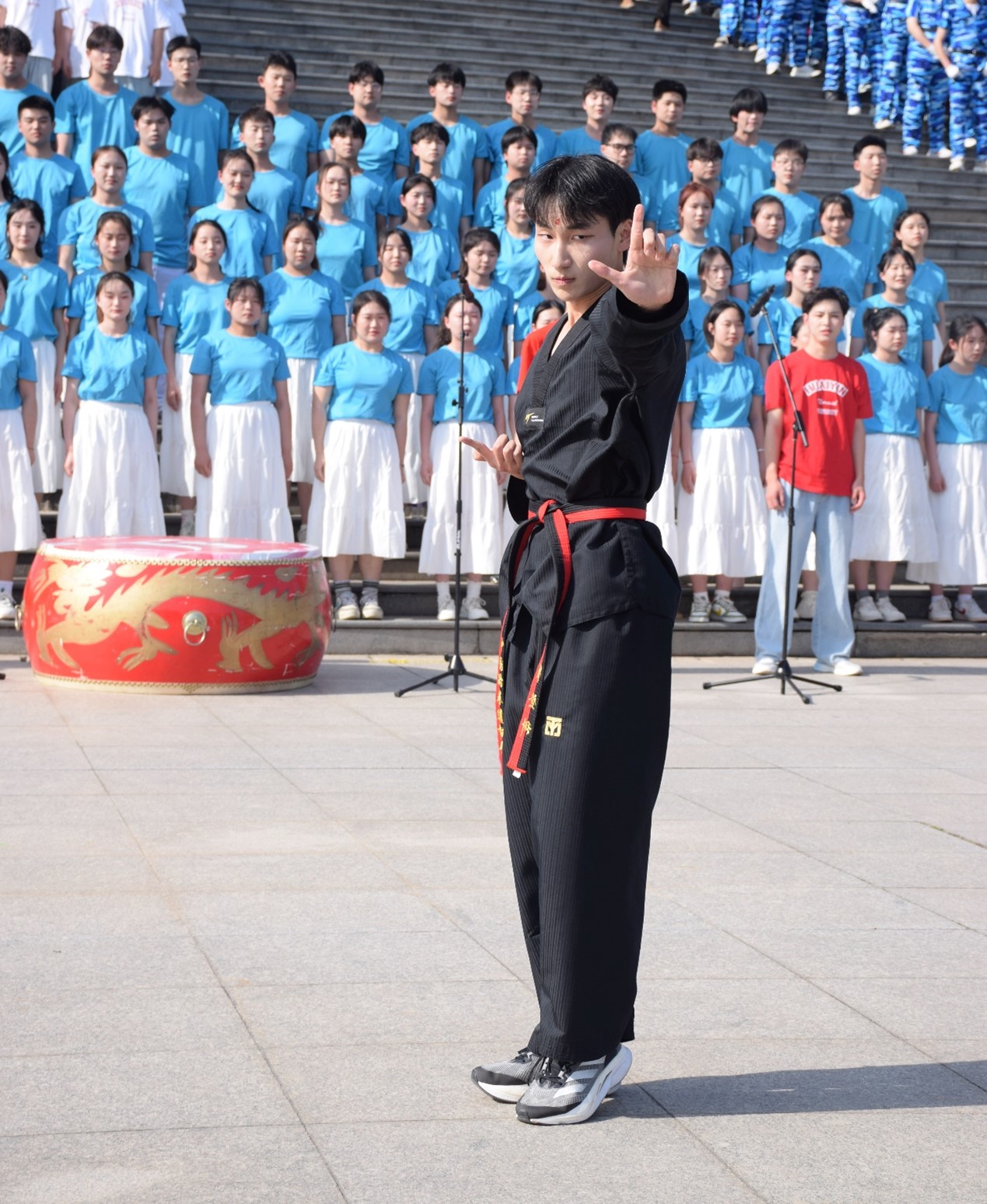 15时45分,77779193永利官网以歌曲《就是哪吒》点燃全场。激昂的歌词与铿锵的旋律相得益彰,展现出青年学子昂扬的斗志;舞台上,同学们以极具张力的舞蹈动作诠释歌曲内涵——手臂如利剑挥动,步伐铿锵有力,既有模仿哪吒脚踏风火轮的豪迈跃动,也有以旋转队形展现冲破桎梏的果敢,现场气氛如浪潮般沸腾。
◆ ◆ ◆ ◆ ◆
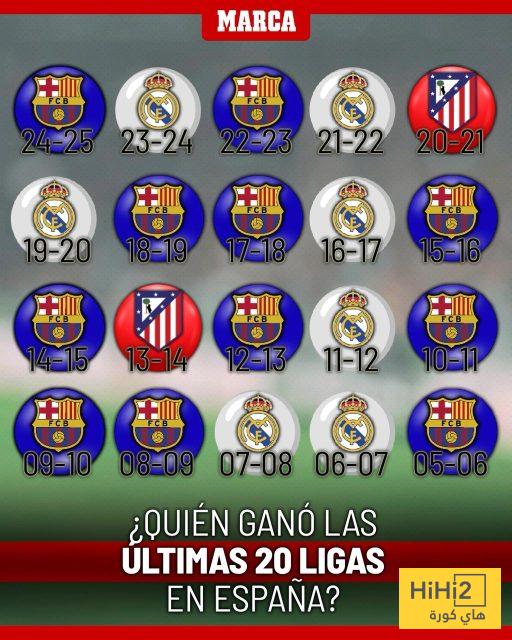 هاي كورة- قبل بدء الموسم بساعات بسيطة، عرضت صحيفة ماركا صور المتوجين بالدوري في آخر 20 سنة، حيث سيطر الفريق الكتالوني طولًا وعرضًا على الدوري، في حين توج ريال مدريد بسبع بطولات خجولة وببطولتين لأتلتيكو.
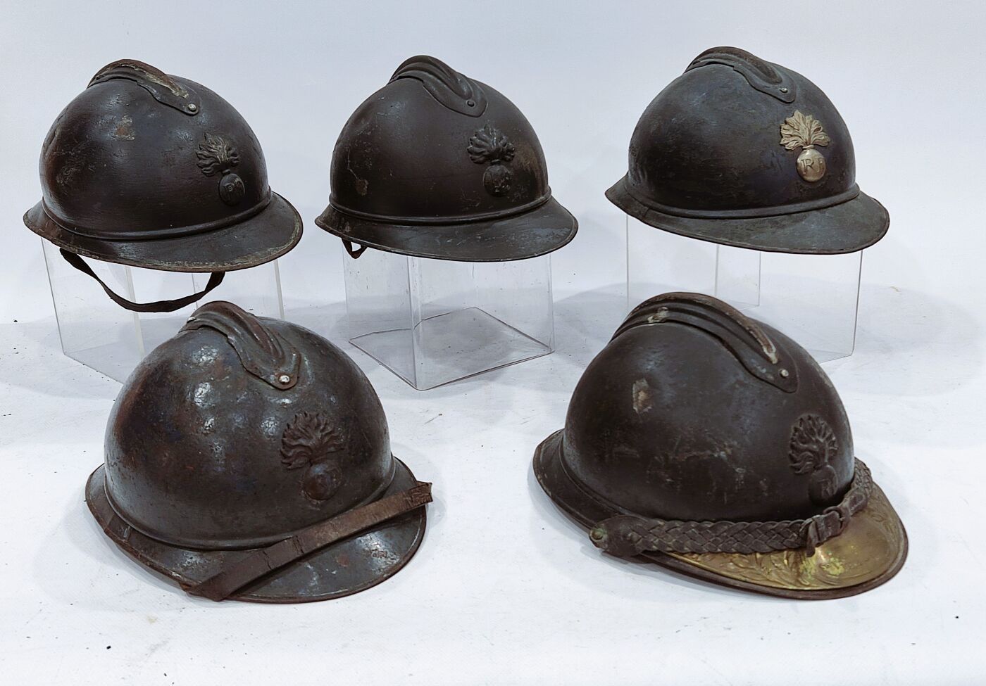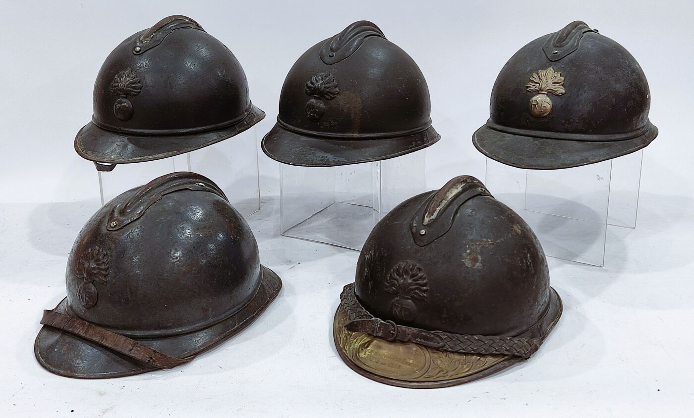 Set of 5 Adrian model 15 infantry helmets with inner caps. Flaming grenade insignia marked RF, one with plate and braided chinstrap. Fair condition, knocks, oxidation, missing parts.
◆ ◆ ◆ ◆ ◆
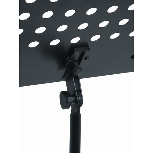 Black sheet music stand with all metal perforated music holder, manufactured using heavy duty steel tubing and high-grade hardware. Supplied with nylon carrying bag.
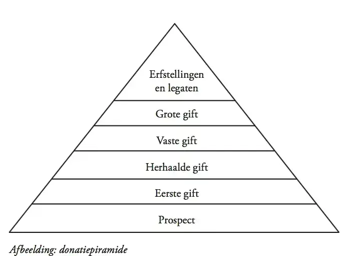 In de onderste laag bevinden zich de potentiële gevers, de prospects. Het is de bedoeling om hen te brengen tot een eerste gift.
◆ ◆ ◆ ◆ ◆
> [DESCRIPTION OF THE TASK]
Copy everything above from the line holding "Black sheet music" down to the line holding "In de onderste", both ends included, exactly as it stands and without the pictures.

> [RESPONSE BOX]
 Black sheet music stand with all metal perforated music holder, manufactured using heavy duty steel tubing and high-grade hardware. Supplied with nylon carrying bag.
 In de onderste laag bevinden zich de potentiële gevers, de prospects. Het is de bedoeling om hen te brengen tot een eerste gift.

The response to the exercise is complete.